Home Orchard Spray Schedule

Jonathan
14 years ago

Hi all,

I want to start spraying my fruit trees. Here's a link that looks helpful, about that, but I have some questions.

> http://www.applesource.com/growtips.html

I have a home orchard of about 20 trees: say a dozen apple (all heirloom varieties), 4 pears, a peach, and some random others. The ages of the trees range from two to eight years old; obviously, I'm most concerned about the older ones. My goal is to have fruit for my family's use, with minimal maintenance and chemical handling.

I've never sprayed my trees, and my yields have been extremely low, so I want to start spraying to see if there's a relationship. Within a mile radius, I know of at least five active bee hives, which I believe should be enough pollinators, but maybe that's also an issue. I do get blooms on many of my trees, but only a couple dozen apples.

I think I'm doing okay with pruning them. A local orchard expert has been helping me with that. But I've been getting a fair amount of conflicting information regarding spraying, which is where you come in. (As if GW threads ever lead to consensus! But, I digress....)

Please help me with the following reality check, regarding chemicals:

Regarding pests, as I understand it, the common culprits are scab, a few funguses (fireblight, etc.), and especially plum curculio.

Scab can be controlled by dormant spray.

Fungi are controlled by capstan.

Plum curculio s controlled by Malathion, which also kills pollinators.
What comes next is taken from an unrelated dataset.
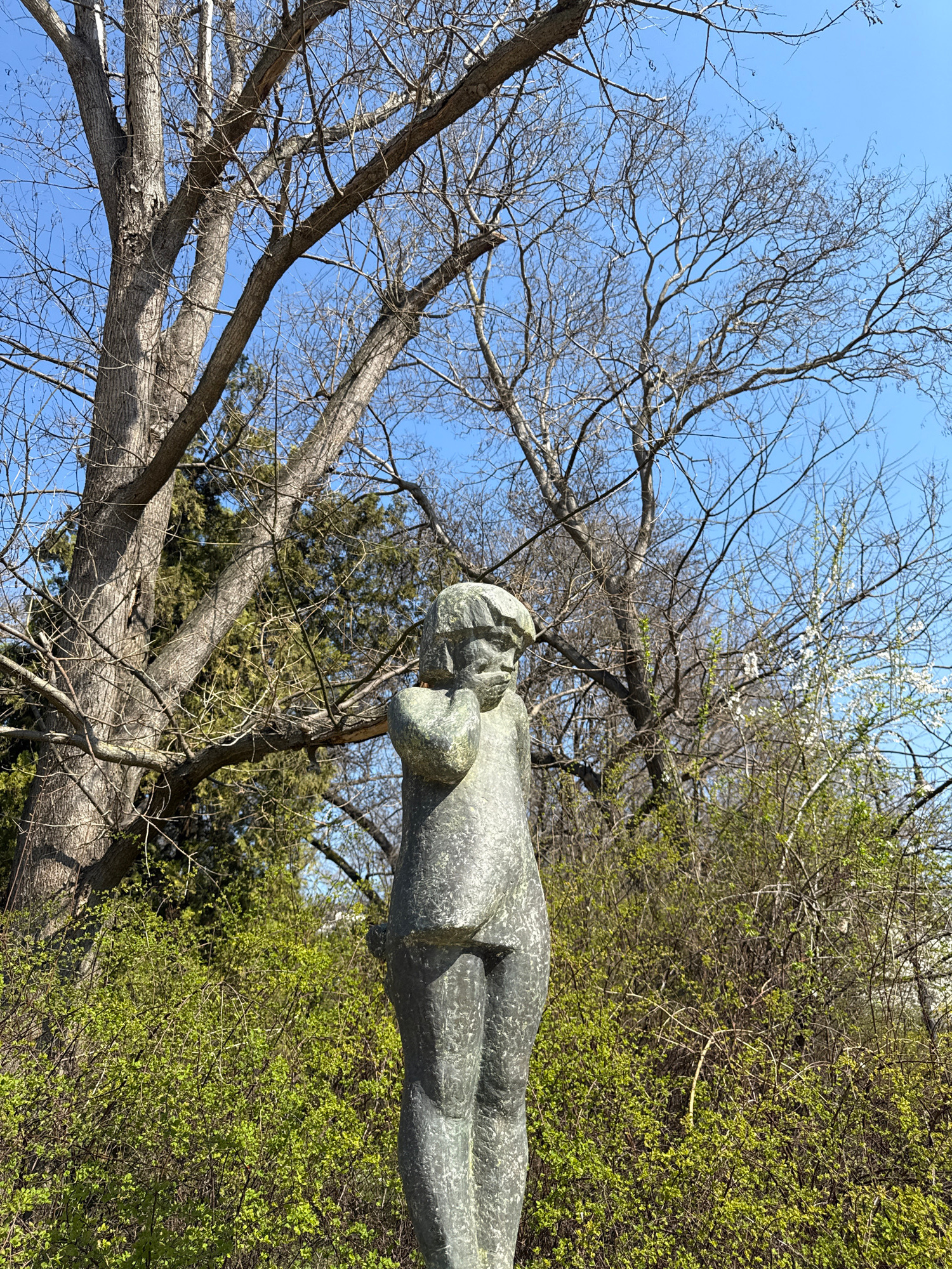The image features a bronze sculpture of a reclining nude female figure, positioned outdoors against a backdrop of trees and a blue sky. The trees include bare branches and green foliage, suggesting a…read more

So, dormant spray goes on when the trees are dormant. Then capstan. Then, after petalfall, malathion. Home Orchard Spray contains all these, but should be avoided because the timing issues make it too easy to kill honeybees. So, it's better to apply them individually.

Does that sound right, as a pretty minimal approach to start out?
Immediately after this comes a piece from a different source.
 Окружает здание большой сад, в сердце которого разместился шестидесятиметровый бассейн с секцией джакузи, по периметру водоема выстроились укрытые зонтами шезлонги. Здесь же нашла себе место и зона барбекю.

I'd be interested in other thoughts regarding why I'm not getting fruit. I don't see tiny apples falling off the trees, but I'll look more carefully this year.

Thanks so much,

--Jonathan

P.S. Here are details of my varieties. Note that I want to focus on getting apples right, this year. One thing at a time.

Apples: red astrachan, gravenstein, Cox's orange pippin, northern spy, Jonathan, lady, winesap, baldwin, rhode Island greening, calville blanc d'hiver, Bramley's seedling, hidden rose

Pears: Colette, seckel, rescue, conference (fruits well)

Peach: Reliance

Also: a sour cherry that I think is actually a rootstock, 2 paw-paws, and a medlar (which fruits beautifully)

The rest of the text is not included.